To ensure the accuracy and completeness of a specification, only those who have knowledge of what makes a good specification should approve it. They must ensure that the specification is clear on what the product should never do, however stupid it may sound. For example: “There shall be no sudden acceleration during landing” for an aircraft. In addition, the marketing and sales experts should participate in writing the specification to make sure that old warranty problems “shall not” be in the new product and that there is enough gain in reliability to give the product a competitive edge.

The “shall not” specification is not limited to failures. That would be too simple. We must be able to see the complexity in this simplicity. This is called interconnectedness. We need to know that reliability is intertwined with many elements of life-cycle costs. The costs of downtime, repairs, preventive maintenance, amount of logistics support required, safety, diagnostics, and serviceability are dependent on the level of reliability. In the same spirit, we should also analyze product friendliness and modularity, which are interconnected with reliability. For example, General Motors is designing its hydrogen cars to have a single chassis for all models instead of 80 different chassis as is the case with current production. This action influences reliability in many ways. Similarly, an analysis of downtime should be conducted by service engineering staff to ensure that each fault will be diagnosed in a timely manner, repairs will be quick, and life-cycle costs will be reduced by extending the maintenance cycles or eliminating the need for maintenance altogether. The specification should be critiqued for quick serviceability and ease of access. Until the specification is written thoroughly and approved, no design work should begin. An example of the need to identify missing requirements is that nearly 1000 people around the world lost their lives while the kinks were being removed from the 290-ton McDonnell Douglas DC-10 during the 1970s. Blown-out cargo doors, shredded hydraulic lines, and engines dropped during the flight were just a few of the behemoth's early problems. It is obvious that the company did not have the right system performance specification. We rely on customers to tell us what they want, but they themselves don't know many requirements until there is a breakdown. Customers are not going to tell us that the cargo doors should not blow out during a crowded flight. It is the design team's responsibility to figure out what the customers did not say.

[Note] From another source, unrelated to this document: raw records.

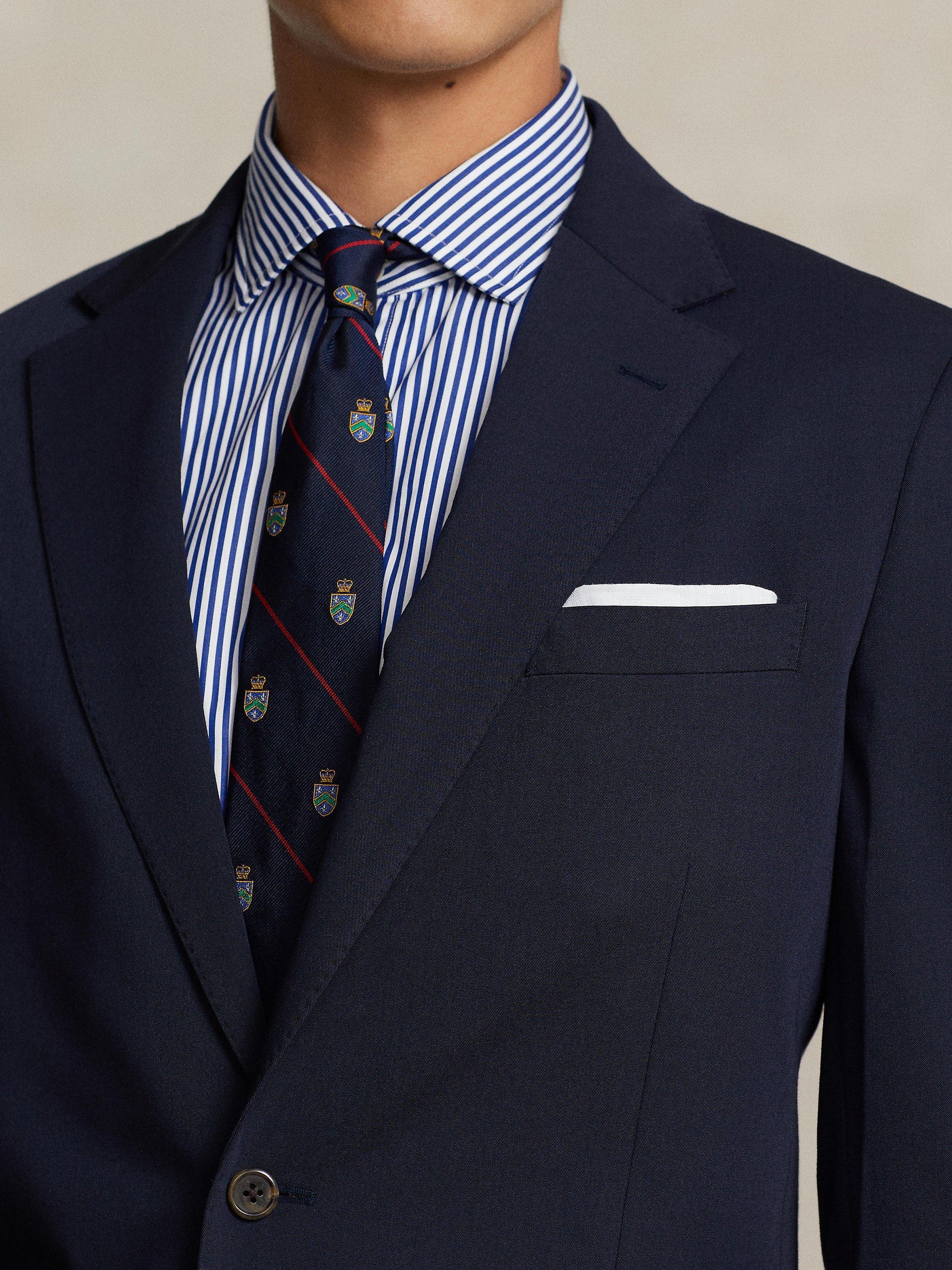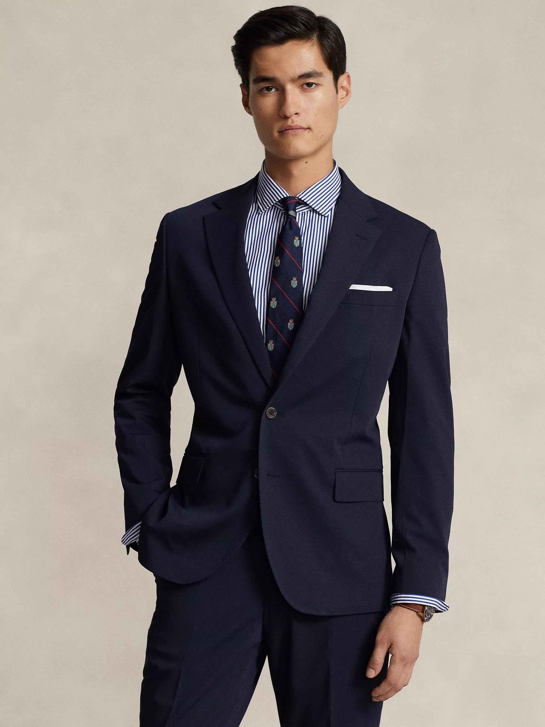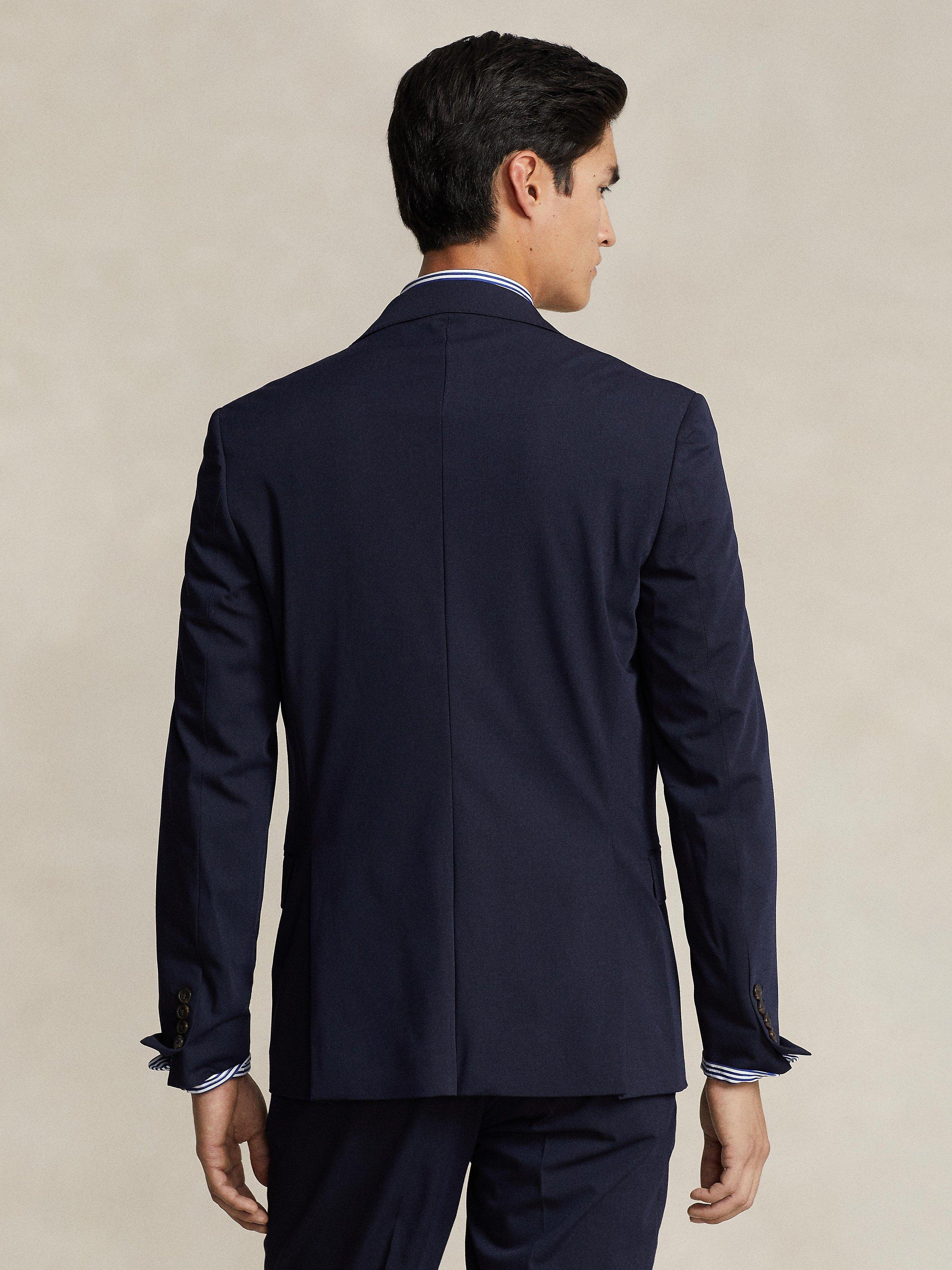 One of Polo Ralph Lauren's newest tailored silhouettes, features a trim, contemporary fit, natural shoulders, and pickstitched lapels. This version is crafted with a new Polo-exclusive twill cloth that is custom-developed for natural wrinkle resistance and a smooth, shine-free finish. Added stretch provides extra comfort and mobility, making this lightweight layer perfect for all-season, everyday wear.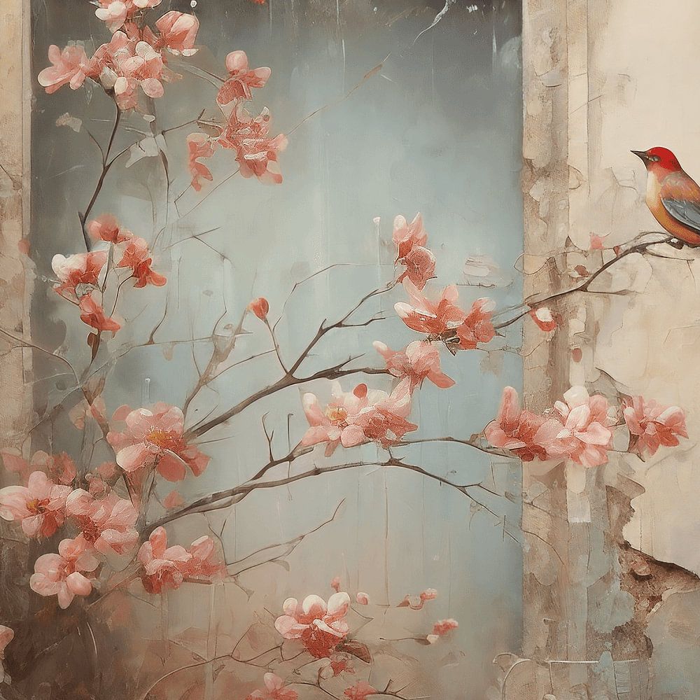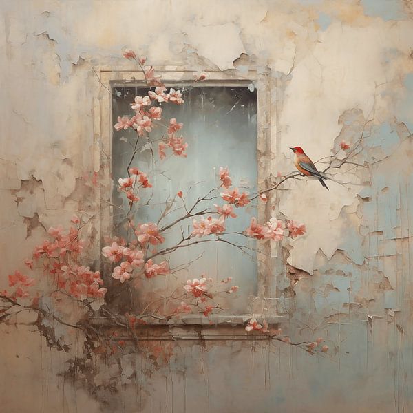 Buy this bird art Flourishing Window to the Past by Karina Brouwer on canvas, ArtFrame, poster and wallpaper, printed on demand in high quality.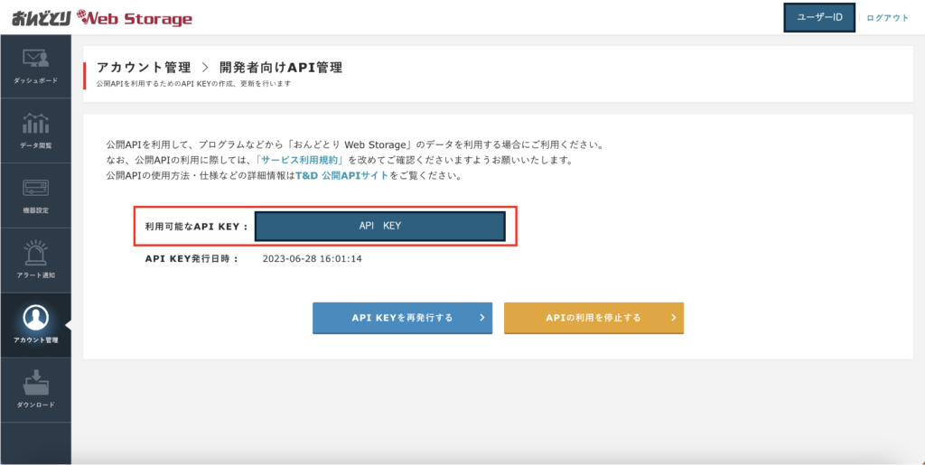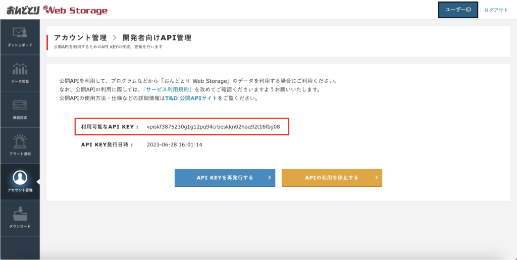 手順4:おんどとりサービスのマイページで「API KEY」を確認する。

To find the design flaws early, a team has to view the system from various angles. You would not buy a house by just looking at the front view. You want to see it from all sides. Similarly, a product concept has to be viewed from at least the following perspectives:

Functions of the product

Range of applications

Range of environments

Active safety

Duty cycles during life

Reliability

Robustness for user or servicing mistakes

Logistics requirements

Manufacturability requirements

Internal interface requirements

External interface requirements

Installation requirements

Shipping and handling capabilities

Serviceability and diagnostics capabilities

Prognostics health monitoring

Usability on other products

Sustainability

There is a need to explain a sustainable design in the list above. Good product design is about meeting current needs without compromising the needs of future generations, such as by pollution or global warming. Current electronic and computers are not designed for sustainability. They should have been designed for reuse—the ability to recycle is not enough. Not everyone makes an effort to recycle. According to NBC News on October 4, 2007, there are over 3 billion such devices and only 15% are recycled. About 200 million tons, with mercury in the monitors and lead in the solder, wind up in landfills and often in drinking water.

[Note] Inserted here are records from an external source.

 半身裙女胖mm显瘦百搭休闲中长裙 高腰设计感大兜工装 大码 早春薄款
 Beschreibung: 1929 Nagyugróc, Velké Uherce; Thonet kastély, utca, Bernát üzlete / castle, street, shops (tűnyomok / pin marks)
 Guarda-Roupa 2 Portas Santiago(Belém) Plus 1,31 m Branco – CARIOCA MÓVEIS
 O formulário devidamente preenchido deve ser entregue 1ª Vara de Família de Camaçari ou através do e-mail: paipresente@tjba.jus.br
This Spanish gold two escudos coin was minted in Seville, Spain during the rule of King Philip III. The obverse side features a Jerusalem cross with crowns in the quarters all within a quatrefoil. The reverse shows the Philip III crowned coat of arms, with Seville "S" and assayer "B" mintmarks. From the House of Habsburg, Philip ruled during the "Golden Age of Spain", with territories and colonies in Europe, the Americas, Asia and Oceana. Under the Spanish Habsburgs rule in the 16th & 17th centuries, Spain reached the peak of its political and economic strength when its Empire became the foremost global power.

Most designers are likely to miss many of the requirements noted above. This knowledge is not new. It can be included by inviting experts in these areas to brainstorm. There is no mechanism for customers to specify all of these. Suppliers that want to do productive work will teach customers how to develop good requirements as a team member. This makes the customer understand what needs to be in the contract. The point here is that if we have to fix many mistakes later (expensively), we cannot be proud of reliability, as craftsmen once were.

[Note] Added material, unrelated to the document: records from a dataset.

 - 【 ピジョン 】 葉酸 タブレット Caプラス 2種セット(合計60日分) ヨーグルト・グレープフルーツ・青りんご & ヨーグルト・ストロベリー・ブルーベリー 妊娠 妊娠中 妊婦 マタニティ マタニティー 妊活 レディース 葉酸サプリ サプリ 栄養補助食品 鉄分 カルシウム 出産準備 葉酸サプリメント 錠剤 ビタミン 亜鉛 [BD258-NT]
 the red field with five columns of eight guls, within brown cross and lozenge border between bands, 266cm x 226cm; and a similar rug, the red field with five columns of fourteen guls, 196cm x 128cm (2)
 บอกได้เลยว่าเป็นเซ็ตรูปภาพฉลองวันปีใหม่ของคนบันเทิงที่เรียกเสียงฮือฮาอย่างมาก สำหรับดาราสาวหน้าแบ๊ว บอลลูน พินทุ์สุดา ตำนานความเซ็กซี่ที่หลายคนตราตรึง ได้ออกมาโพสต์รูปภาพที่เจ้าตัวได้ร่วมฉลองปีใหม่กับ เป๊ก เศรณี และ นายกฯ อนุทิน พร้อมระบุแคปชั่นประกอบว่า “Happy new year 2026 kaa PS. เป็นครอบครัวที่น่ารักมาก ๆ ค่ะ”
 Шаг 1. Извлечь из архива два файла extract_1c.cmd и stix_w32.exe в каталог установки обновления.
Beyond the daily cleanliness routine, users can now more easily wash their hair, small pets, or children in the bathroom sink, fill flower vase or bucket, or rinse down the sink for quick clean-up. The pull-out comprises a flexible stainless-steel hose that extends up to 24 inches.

Paradigm 3: Measure Reliability by Life-Cycle Costs

It is wrong to measure reliability in terms of failure rates alone. Such a negative index with unknown impact does not get much attention from management, except when there is a crisis. It is the cost of failures that is important. It should be measured by reduction in life-cycle costs. The fewer the failures, the lower is the life-cycle cost. The costs should be measured over the expected life. They are not just warranty costs; they include the cost of downtime, repairs, logistics, human errors, and product liability. When I was in charge of the reliability of the Baltimore Rapid Transit Train system design, the reliability performance was measured in terms of cost per track mile. Similarly, at Baltimore Gas & Electric, reliability is measured in terms of cost per circuit mile. Smart customers look for only one performance feature: the life-cycle cost per unit of use. Those who approve the specification should concentrate on this measure. Reliability must result in cheaper, faster, and better products.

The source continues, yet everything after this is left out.